Last class we started looking at time series. First we looked into the trends that a time series can have and built up to autocorrilation.
For class we used the airpass dataset to practice.
library(faraway)
## Warning: package 'faraway' was built under R version 3.4.4
data(airpass)
attach(airpass)
A small thing we learned was how to plot a time seriese with lines connecting all the datapoints.
plot(pass ~ year, type = "l") #type = "l" plots them with a line
We used this to determine to what degree polynomial we should make our model. If the graph has more than 1 point of inflection, you should use at least a second degree model.
The graph above shows that we may find a good model that is less than a second degree.
mod <- lm(pass ~ year)
summary(mod)
##
## Call:
## lm(formula = pass ~ year)
##
## Residuals:
## Min 1Q Median 3Q Max
## -93.858 -30.727 -5.757 24.489 164.999
##
## Coefficients:
## Estimate Std. Error t value Pr(>|t|)
## (Intercept) -1474.771 61.106 -24.14 <2e-16 ***
## year 31.886 1.108 28.78 <2e-16 ***
## ---
## Signif. codes: 0 '***' 0.001 '**' 0.01 '*' 0.05 '.' 0.1 ' ' 1
##
## Residual standard error: 46.06 on 142 degrees of freedom
## Multiple R-squared: 0.8536, Adjusted R-squared: 0.8526
## F-statistic: 828.2 on 1 and 142 DF, p-value: < 2.2e-16
plot(mod)
mod2 <- lm(pass ~ year + I(year^2))
summary(mod2)
##
## Call:
## lm(formula = pass ~ year + I(year^2))
##
## Residuals:
## Min 1Q Median 3Q Max
## -100.353 -27.339 -7.442 21.603 146.116
##
## Coefficients:
## Estimate Std. Error t value Pr(>|t|)
## (Intercept) 1570.5174 1053.9017 1.490 0.13841
## year -79.2078 38.4007 -2.063 0.04098 *
## I(year^2) 1.0092 0.3487 2.894 0.00441 **
## ---
## Signif. codes: 0 '***' 0.001 '**' 0.01 '*' 0.05 '.' 0.1 ' ' 1
##
## Residual standard error: 44.91 on 141 degrees of freedom
## Multiple R-squared: 0.8618, Adjusted R-squared: 0.8599
## F-statistic: 439.8 on 2 and 141 DF, p-value: < 2.2e-16
plot(mod2)
anova(mod,mod2)
## Analysis of Variance Table
##
## Model 1: pass ~ year
## Model 2: pass ~ year + I(year^2)
## Res.Df RSS Df Sum of Sq F Pr(>F)
## 1 142 301219
## 2 141 284328 1 16891 8.3762 0.004407 **
## ---
## Signif. codes: 0 '***' 0.001 '**' 0.01 '*' 0.05 '.' 0.1 ' ' 1
In this case we use summary to figure out if the model is significant at all and plot to give us a visual of it.

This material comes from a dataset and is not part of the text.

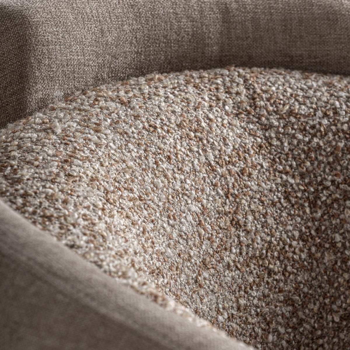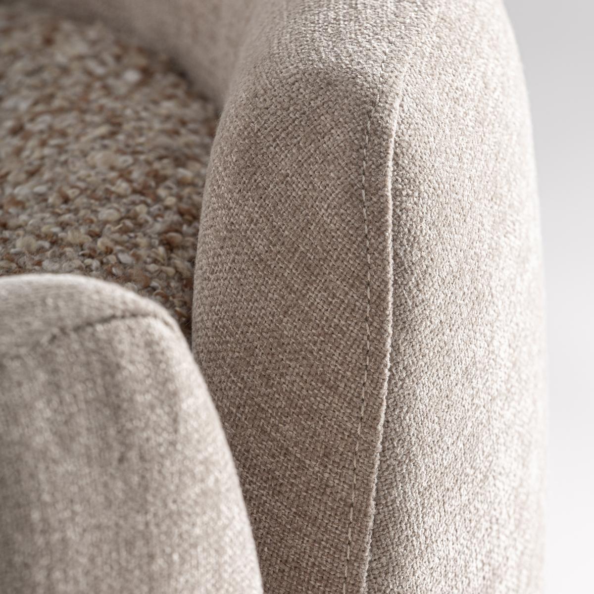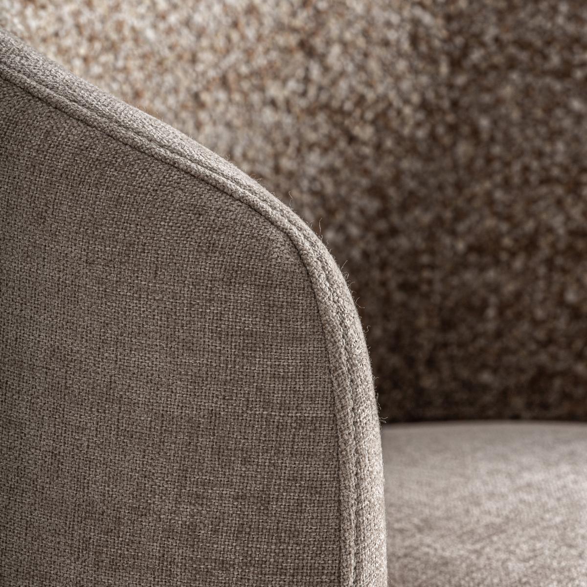 Sillón fabricado en poliéster en color beige con acabado chenilla combinado con madera de pino y hierro en color negro.

Anova is used to determine if we should use the smaller model, or the larger model.
The small p-value from the anova test shows us that we should use the larger more complicated model.
If we were to use this to predict somehting, we would use the following lines.
coef(mod2) %*% c(1,62,62^2)
## [,1]
## [1,] 538.9268
The last thing we covered in class was autocorrilation. Autocorrilation is the corrilation of residuals. Positive autocorrilation means that the residuals down swap from positive to negative often, (and vice versa) while negative autocorrilation is when the residuals swap from being negative to possitive. (and vice versa)
One way of detecting this is through the use of durbin watson statistic. To compute this we use the following lines of code.
library(lmtest)
## Warning: package 'lmtest' was built under R version 3.4.4
## Loading required package: zoo
## Warning: package 'zoo' was built under R version 3.4.4
##
## Attaching package: 'zoo'
## The following objects are masked from 'package:base':
##
## as.Date, as.Date.numeric
dwtest(mod2,alternative="two.sided")
##
## Durbin-Watson test
##
## data: mod2
## DW = 0.56939, p-value < 2.2e-16
## alternative hypothesis: true autocorrelation is not 0
And this shows that there is an autocorrelation.